Она знала душевную силу дочери и потому сказала ей всё.

– И что теперь с нами? – спросила дочь после долгой паузы.

– На всё воля Божия, пока мы только арестованы.

– А где папа?

– Он будет сегодня.

– А как?.. Почему?.. – Дочь приподнялась на локтях.

– Все предали.

– А волынцы, мой полк?

– Они предали первыми.

– А наш госпиталь?

– Он больше не наш.

Опустилась голова больной на подушку. Она закрыла глаза и прошептала:

– Да, на всё воля Божия.

5 марта 1917 года рядовой Савва стоял в Троицком Соборе Могилёва, штабном храме Ставки. Шла литургия, последняя литургия, когда отрёкшийся Государь стоял у алтаря напротив Чудотворной иконы Владимирской, перед которой двадцать два года назад он венчался на Царство – последнее православное царство на земле. Они прощались. Всю службу они неотрывно смотрели друг на друга, и, когда Государь прикладывался к Ней последний раз в жизни, рядовой Савва чувствовал, что он плачет, хотя лица его не было видно. Рядовой Савва не плакал, его колотила неуёмная дрожь, которой он раньше никогда не испытывал. Всё его существо прониклось ощущением, что он присутствует при событии, грандиознее и страшнее которого не будет в этом веке. Ничего не знал рядовой Савва про недавние слова Государевы, что "кругом трусость, измена и обман", но то, что почувствовал он от кучки генералов, обступивших Государя, усиливало дрожь и порождало в горле какой-то ком, который рвался наружу. Тошно почему-то стало рядовому Савве от обступавших Государя генералов. Особенно почему-то противен был казачий генерал, может, оттого, что знал рядовой Савва, что когда послал Государь казачков, Империи опору, бунт в столице усмирять, они вместо усмирения банты красные понацепили. "Да если б меня послал, да я б один..." Как тогда, в пятом годе, когда шёл он с шашкой своей полицейской на целую ораву погромщиков, и кто уцелел, те разбежались...

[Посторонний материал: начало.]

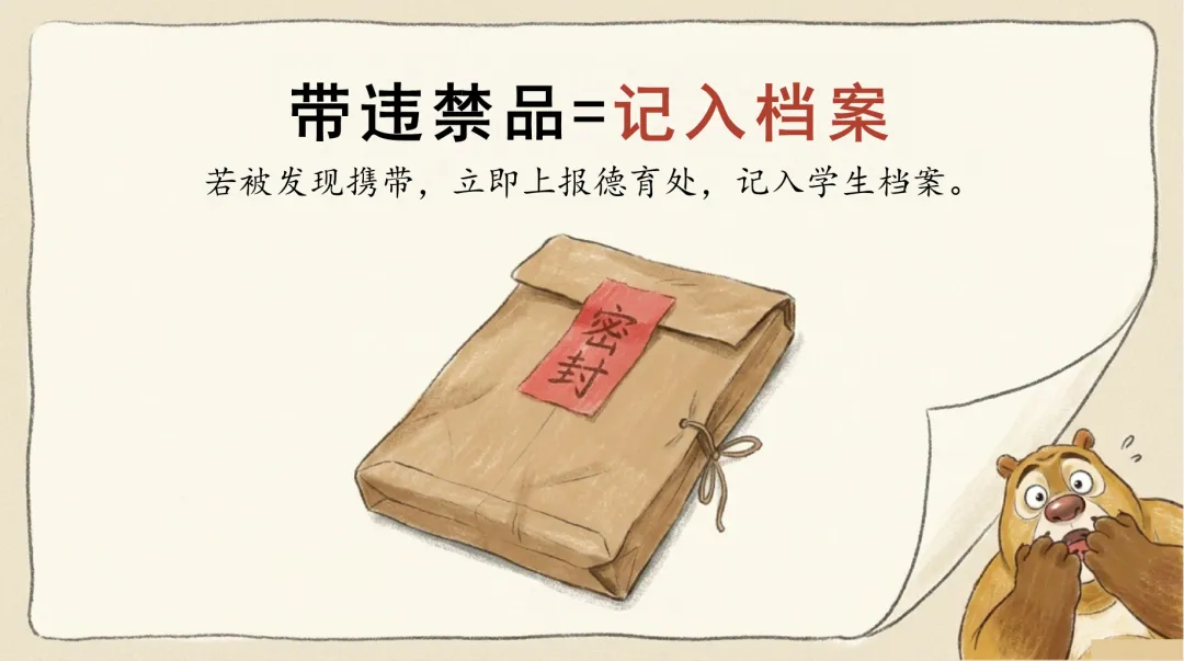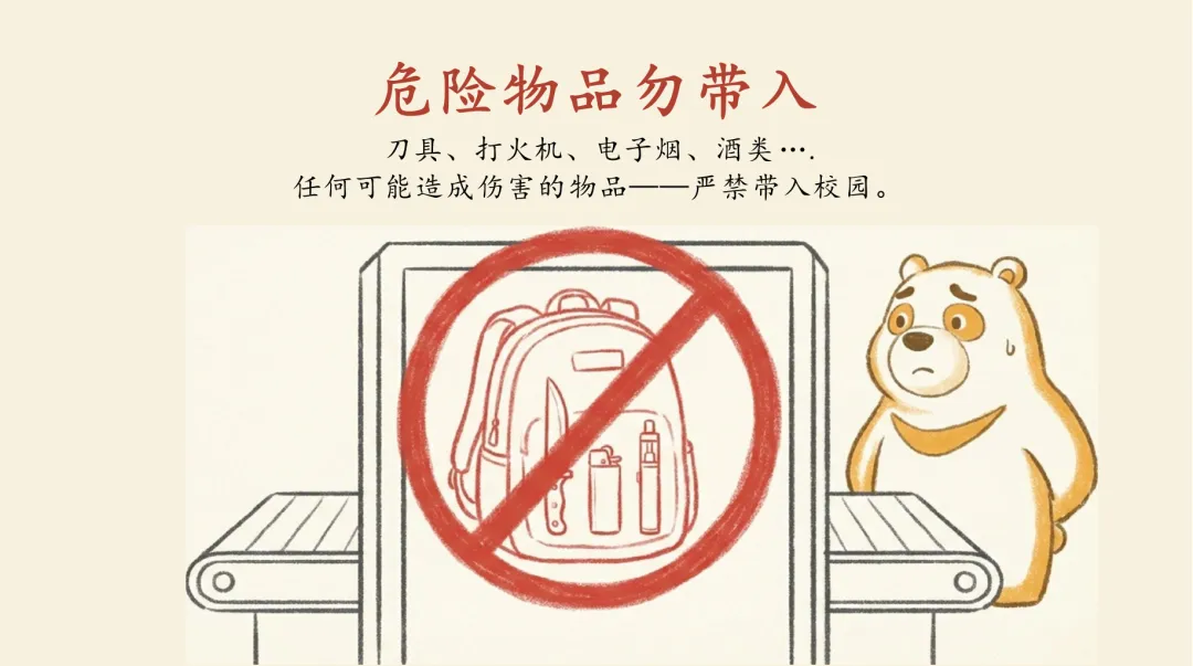 ·危险物品勿带入:刀具、打火机、电子烟、酒类等可能造成伤害的物品严禁带入校园,否则记入档案。

"Да как же это так, да как же теперь?!" – заколыхалось вдруг в сознании довеском к дрожи. Этим криком кричали его глаза, обращаясь к Лику на иконе, когда он одним из последних прикладывался к Ней. И после этого вдруг почувствовал утешение. И только теперь понял, что оно значит, доселе он такого не испытывал. "Да, впереди теперь одни скорби и ужас, но утешься и успокойся. Я с тобой, коли ты не трус, не изменник, не обманщик, коли ты верен долгу до конца, претерпи же до конца, и врата в Царство Сына Моего – открыты пред тобою..."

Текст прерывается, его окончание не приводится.